## Task statement
Starting at the first line of the listing below, repeat each line exactly until you have repeated the one containing "2025全省文化旅游发展大会"; skip the pictures.

## Data
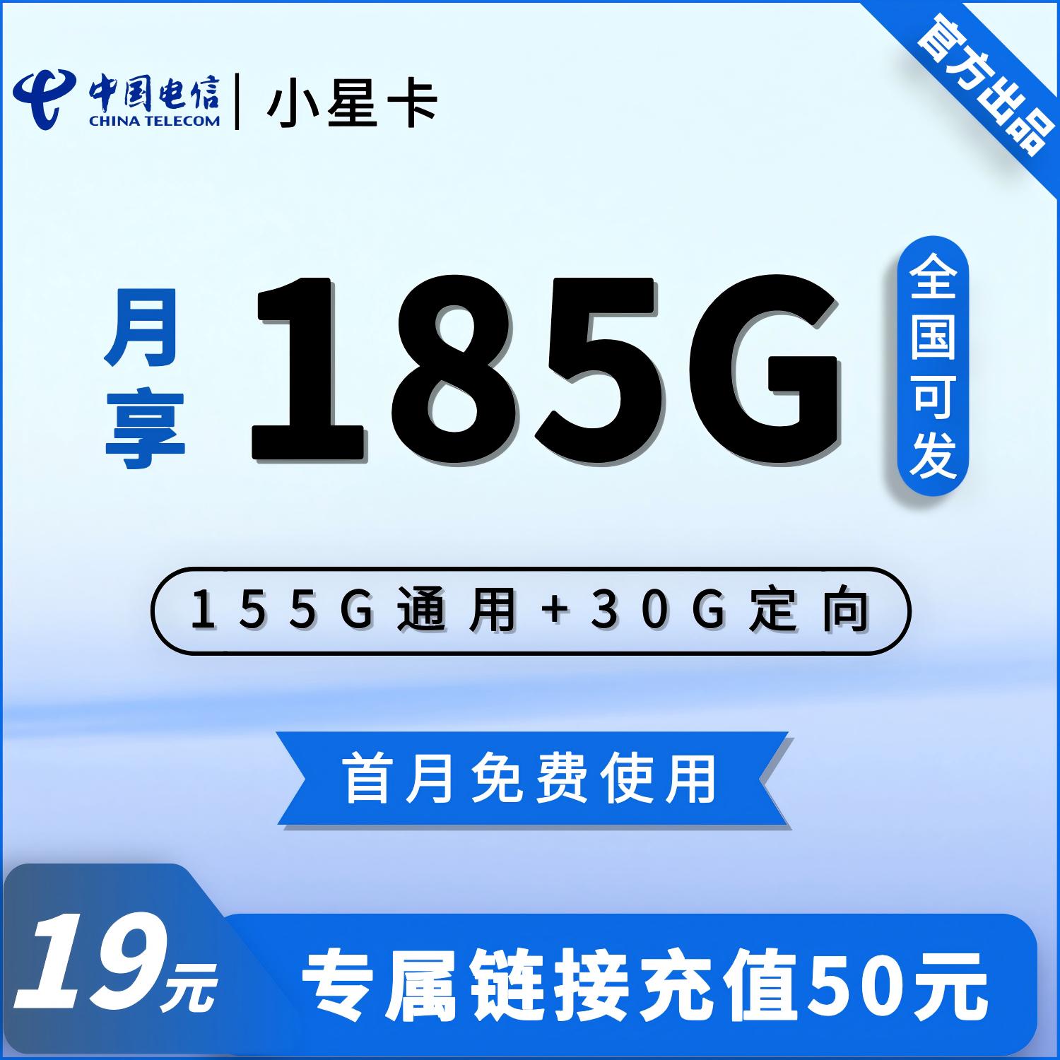 流量:185G;语音:0分钟;月租:19元/月
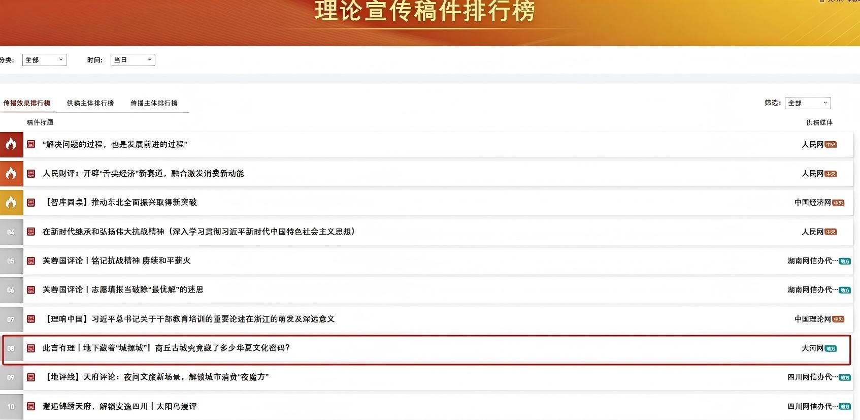 2025全省文化旅游发展大会召开期间,河南日报社·顶端新闻与大河网·学术中原重点发布了开元官网副院长陈道山潜心多年的研究成果——“商丘古城连续体”理论。这一创新成果引起了媒体的转载,从学习强国河南平台到新浪、搜狐、网易等主流媒体,再到腾讯新闻、大众网等新媒体平台。尤为值得一提的是,6月30日,更是登上中央网信办“理论宣传稿件排行榜”,位列第八。
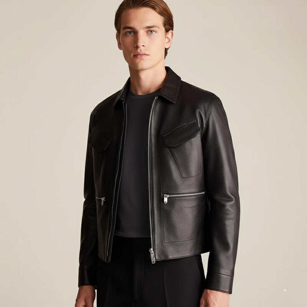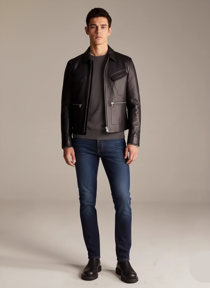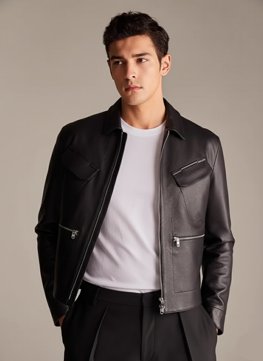 - Distinctive Zip-Pockets: The signature feature: four generously sized, sleek zippered patch pockets on the front. These are not only a bold aesthetic choice but offer secure, practical storage for your essentials—a true nod to utility leather jacket design.

## Problem solution
 流量:185G;语音:0分钟;月租:19元/月
 2025全省文化旅游发展大会召开期间,河南日报社·顶端新闻与大河网·学术中原重点发布了开元官网副院长陈道山潜心多年的研究成果——“商丘古城连续体”理论。这一创新成果引起了媒体的转载,从学习强国河南平台到新浪、搜狐、网易等主流媒体,再到腾讯新闻、大众网等新媒体平台。尤为值得一提的是,6月30日,更是登上中央网信办“理论宣传稿件排行榜”,位列第八。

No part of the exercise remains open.